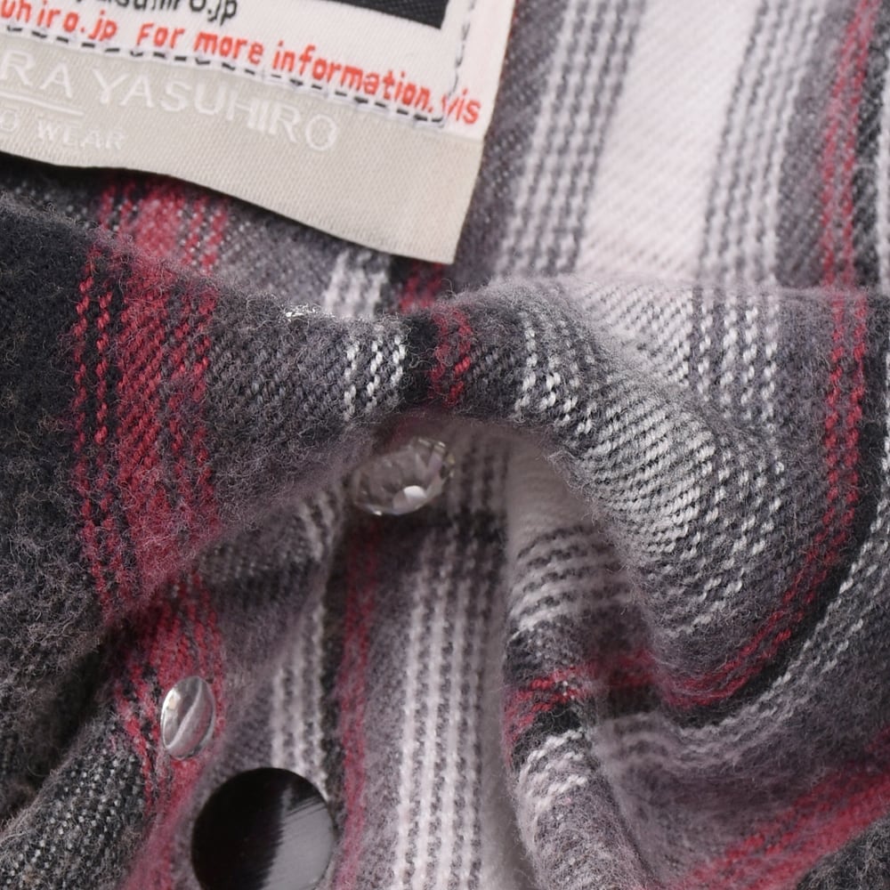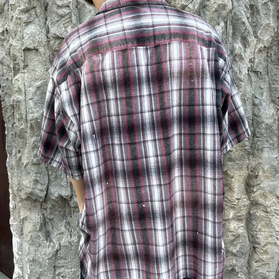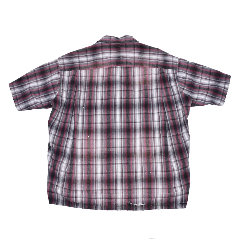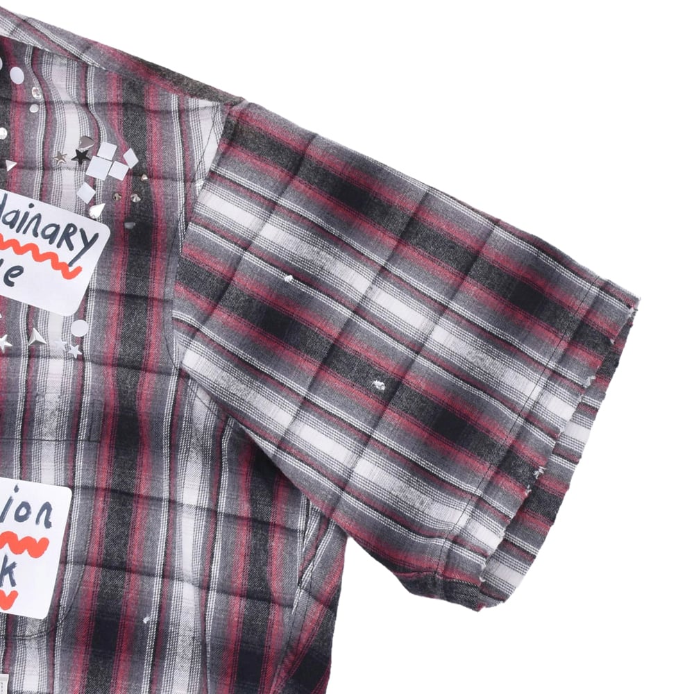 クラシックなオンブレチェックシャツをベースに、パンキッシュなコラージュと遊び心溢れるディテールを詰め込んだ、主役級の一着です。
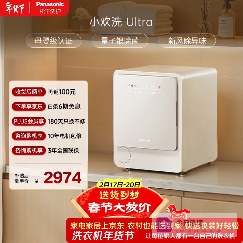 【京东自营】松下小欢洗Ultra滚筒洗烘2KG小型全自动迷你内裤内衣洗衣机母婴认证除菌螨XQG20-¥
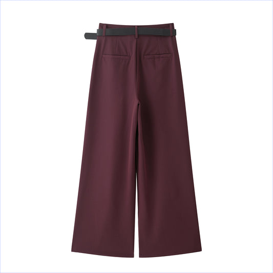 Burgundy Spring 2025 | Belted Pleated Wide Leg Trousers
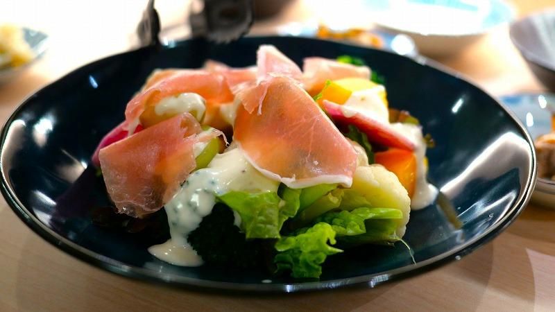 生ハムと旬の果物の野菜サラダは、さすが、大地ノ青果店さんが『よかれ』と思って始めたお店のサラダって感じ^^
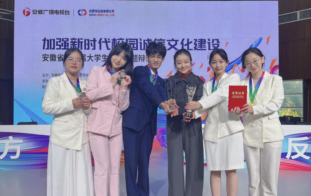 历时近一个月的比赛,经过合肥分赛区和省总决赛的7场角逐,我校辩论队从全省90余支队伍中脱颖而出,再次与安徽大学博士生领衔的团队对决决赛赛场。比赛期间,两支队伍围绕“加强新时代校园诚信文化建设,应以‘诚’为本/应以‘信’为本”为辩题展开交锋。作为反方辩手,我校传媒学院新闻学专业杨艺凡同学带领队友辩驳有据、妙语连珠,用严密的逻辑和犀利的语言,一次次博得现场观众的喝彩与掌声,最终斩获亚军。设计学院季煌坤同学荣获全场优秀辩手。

· · · ·

> What is needed
The expected output is the lines from the line that contains "生ハムと旬の果物の野菜サラダ" through the last line of the material, reproduced exactly, with both ends present and pictures absent.

> Answer space
 生ハムと旬の果物の野菜サラダは、さすが、大地ノ青果店さんが『よかれ』と思って始めたお店のサラダって感じ^^
 历时近一个月的比赛,经过合肥分赛区和省总决赛的7场角逐,我校辩论队从全省90余支队伍中脱颖而出,再次与安徽大学博士生领衔的团队对决决赛赛场。比赛期间,两支队伍围绕“加强新时代校园诚信文化建设,应以‘诚’为本/应以‘信’为本”为辩题展开交锋。作为反方辩手,我校传媒学院新闻学专业杨艺凡同学带领队友辩驳有据、妙语连珠,用严密的逻辑和犀利的语言,一次次博得现场观众的喝彩与掌声,最终斩获亚军。设计学院季煌坤同学荣获全场优秀辩手。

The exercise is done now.